>>>

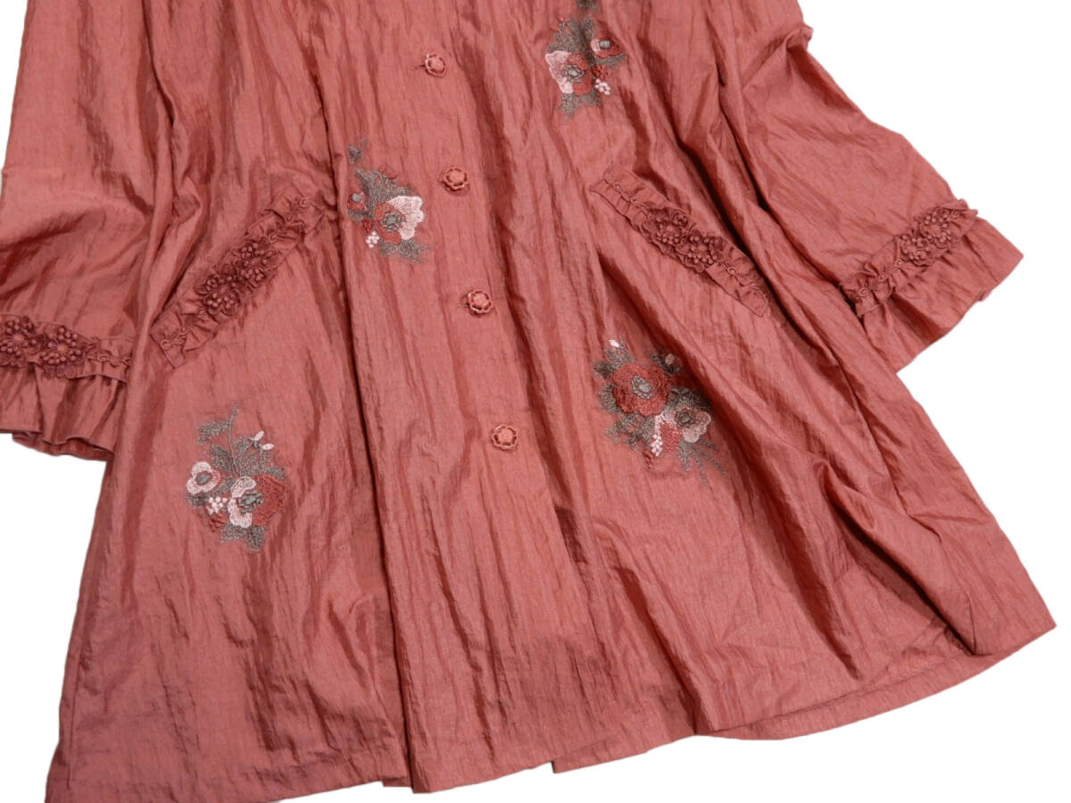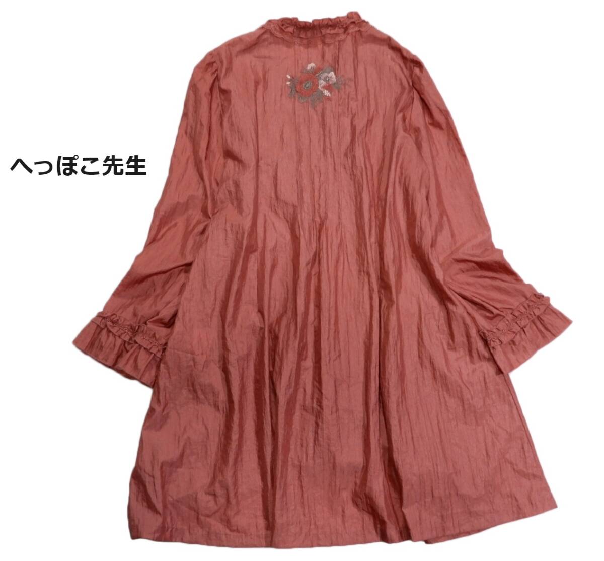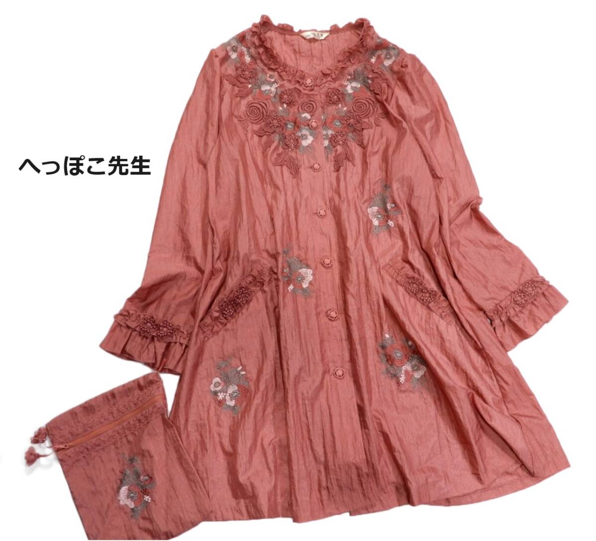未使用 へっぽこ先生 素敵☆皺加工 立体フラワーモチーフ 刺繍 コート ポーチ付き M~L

<<<
>>>

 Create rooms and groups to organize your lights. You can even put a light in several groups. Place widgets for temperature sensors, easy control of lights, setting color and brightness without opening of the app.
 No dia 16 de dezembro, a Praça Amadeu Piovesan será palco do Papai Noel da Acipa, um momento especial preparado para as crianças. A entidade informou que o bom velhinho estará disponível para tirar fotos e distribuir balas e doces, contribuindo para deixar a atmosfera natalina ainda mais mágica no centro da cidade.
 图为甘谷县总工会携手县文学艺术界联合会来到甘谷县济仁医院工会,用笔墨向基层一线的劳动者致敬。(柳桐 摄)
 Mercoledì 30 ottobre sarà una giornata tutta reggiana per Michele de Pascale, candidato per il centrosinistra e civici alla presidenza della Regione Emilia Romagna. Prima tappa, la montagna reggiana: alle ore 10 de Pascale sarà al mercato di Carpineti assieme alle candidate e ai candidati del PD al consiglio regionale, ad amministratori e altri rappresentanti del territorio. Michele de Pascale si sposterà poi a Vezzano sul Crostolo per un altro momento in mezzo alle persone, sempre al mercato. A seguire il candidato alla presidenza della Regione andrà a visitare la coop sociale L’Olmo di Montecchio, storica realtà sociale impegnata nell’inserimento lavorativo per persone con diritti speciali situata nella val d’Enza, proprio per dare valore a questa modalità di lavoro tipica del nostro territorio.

<<<

Write out every line of the preceding listing that contains "momento".

 No dia 16 de dezembro, a Praça Amadeu Piovesan será palco do Papai Noel da Acipa, um momento especial preparado para as crianças. A entidade informou que o bom velhinho estará disponível para tirar fotos e distribuir balas e doces, contribuindo para deixar a atmosfera natalina ainda mais mágica no centro da cidade.
 Mercoledì 30 ottobre sarà una giornata tutta reggiana per Michele de Pascale, candidato per il centrosinistra e civici alla presidenza della Regione Emilia Romagna. Prima tappa, la montagna reggiana: alle ore 10 de Pascale sarà al mercato di Carpineti assieme alle candidate e ai candidati del PD al consiglio regionale, ad amministratori e altri rappresentanti del territorio. Michele de Pascale si sposterà poi a Vezzano sul Crostolo per un altro momento in mezzo alle persone, sempre al mercato. A seguire il candidato alla presidenza della Regione andrà a visitare la coop sociale L’Olmo di Montecchio, storica realtà sociale impegnata nell’inserimento lavorativo per persone con diritti speciali situata nella val d’Enza, proprio per dare valore a questa modalità di lavoro tipica del nostro territorio.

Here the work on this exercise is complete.